___ Provided information
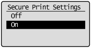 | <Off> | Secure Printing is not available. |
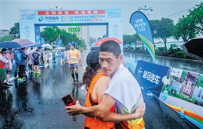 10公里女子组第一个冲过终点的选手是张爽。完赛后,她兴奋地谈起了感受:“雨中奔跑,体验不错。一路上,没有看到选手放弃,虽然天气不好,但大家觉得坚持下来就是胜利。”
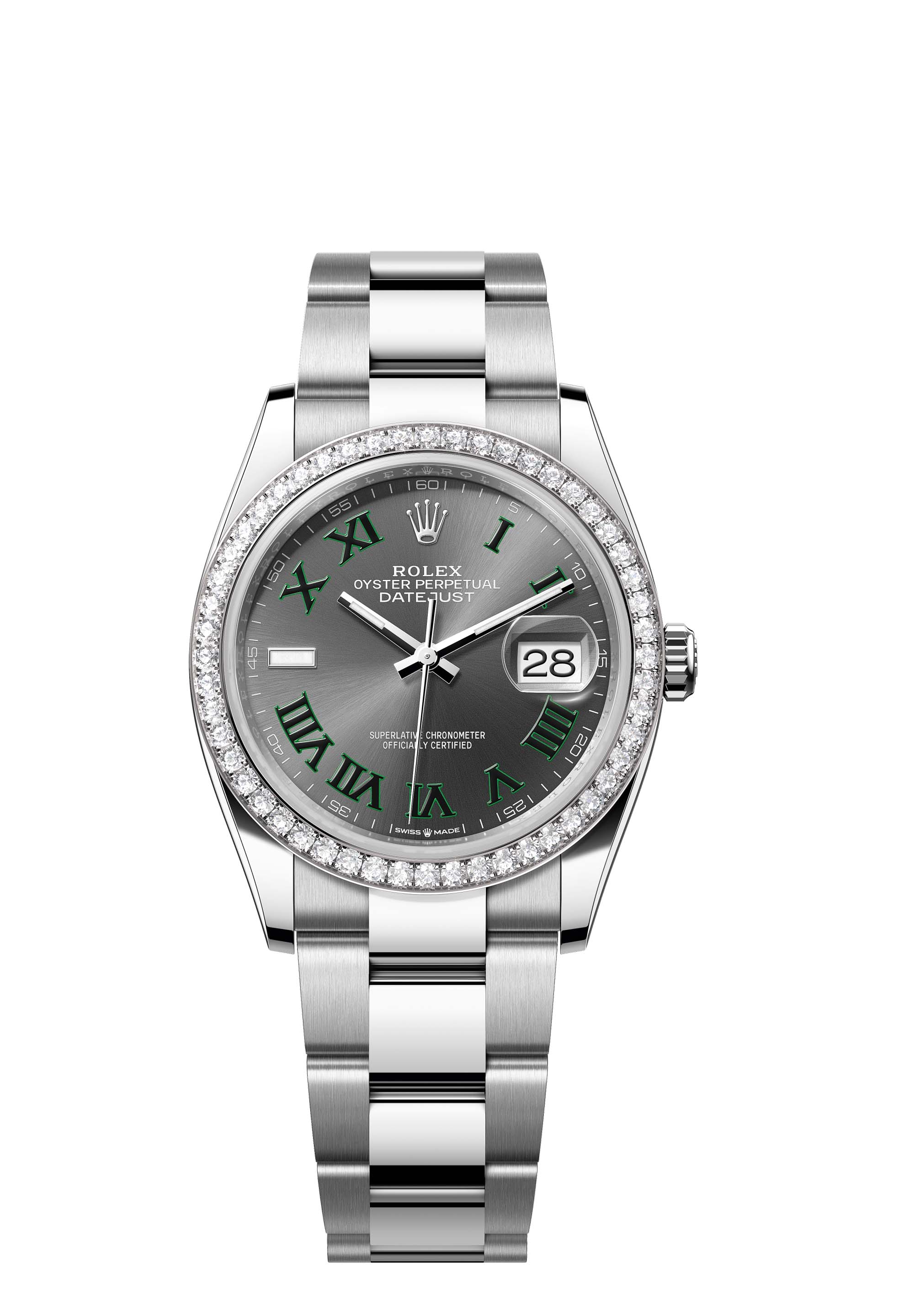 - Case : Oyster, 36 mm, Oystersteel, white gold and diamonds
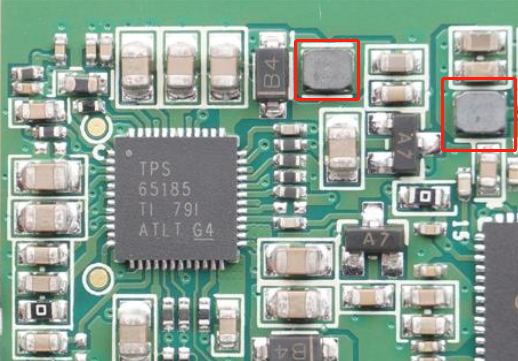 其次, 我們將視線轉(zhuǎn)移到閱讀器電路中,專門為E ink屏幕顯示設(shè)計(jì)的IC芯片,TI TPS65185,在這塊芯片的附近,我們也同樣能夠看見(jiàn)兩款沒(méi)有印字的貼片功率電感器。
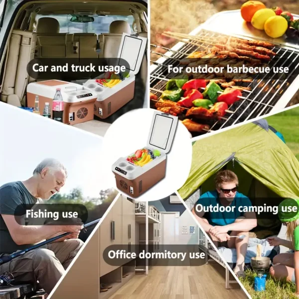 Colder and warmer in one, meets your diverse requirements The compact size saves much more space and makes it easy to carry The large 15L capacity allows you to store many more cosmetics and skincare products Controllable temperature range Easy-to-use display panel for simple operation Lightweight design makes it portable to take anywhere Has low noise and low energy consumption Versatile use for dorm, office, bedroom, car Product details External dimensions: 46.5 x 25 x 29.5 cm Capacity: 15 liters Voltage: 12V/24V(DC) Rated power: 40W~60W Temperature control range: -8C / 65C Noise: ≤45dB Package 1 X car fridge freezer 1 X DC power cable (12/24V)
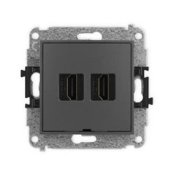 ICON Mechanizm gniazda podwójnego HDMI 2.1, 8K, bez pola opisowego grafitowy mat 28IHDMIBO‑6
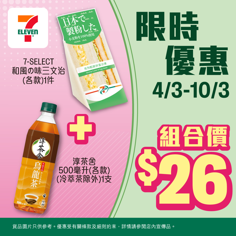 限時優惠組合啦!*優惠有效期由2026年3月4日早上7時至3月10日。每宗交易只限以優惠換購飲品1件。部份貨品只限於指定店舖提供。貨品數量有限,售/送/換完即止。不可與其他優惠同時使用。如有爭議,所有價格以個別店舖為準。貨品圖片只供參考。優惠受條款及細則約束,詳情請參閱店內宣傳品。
______
Work order =
Because the pictures are not wanted, retype every record exactly without them.

Solution for this task =
 | <Off> | Secure Printing is not available. |
 10公里女子组第一个冲过终点的选手是张爽。完赛后,她兴奋地谈起了感受:“雨中奔跑,体验不错。一路上,没有看到选手放弃,虽然天气不好,但大家觉得坚持下来就是胜利。”
 - Case : Oyster, 36 mm, Oystersteel, white gold and diamonds
 其次, 我們將視線轉(zhuǎn)移到閱讀器電路中,專門為E ink屏幕顯示設(shè)計(jì)的IC芯片,TI TPS65185,在這塊芯片的附近,我們也同樣能夠看見(jiàn)兩款沒(méi)有印字的貼片功率電感器。
 Colder and warmer in one, meets your diverse requirements The compact size saves much more space and makes it easy to carry The large 15L capacity allows you to store many more cosmetics and skincare products Controllable temperature range Easy-to-use display panel for simple operation Lightweight design makes it portable to take anywhere Has low noise and low energy consumption Versatile use for dorm, office, bedroom, car Product details External dimensions: 46.5 x 25 x 29.5 cm Capacity: 15 liters Voltage: 12V/24V(DC) Rated power: 40W~60W Temperature control range: -8C / 65C Noise: ≤45dB Package 1 X car fridge freezer 1 X DC power cable (12/24V)
 ICON Mechanizm gniazda podwójnego HDMI 2.1, 8K, bez pola opisowego grafitowy mat 28IHDMIBO‑6
 限時優惠組合啦!*優惠有效期由2026年3月4日早上7時至3月10日。每宗交易只限以優惠換購飲品1件。部份貨品只限於指定店舖提供。貨品數量有限,售/送/換完即止。不可與其他優惠同時使用。如有爭議,所有價格以個別店舖為準。貨品圖片只供參考。優惠受條款及細則約束,詳情請參閱店內宣傳品。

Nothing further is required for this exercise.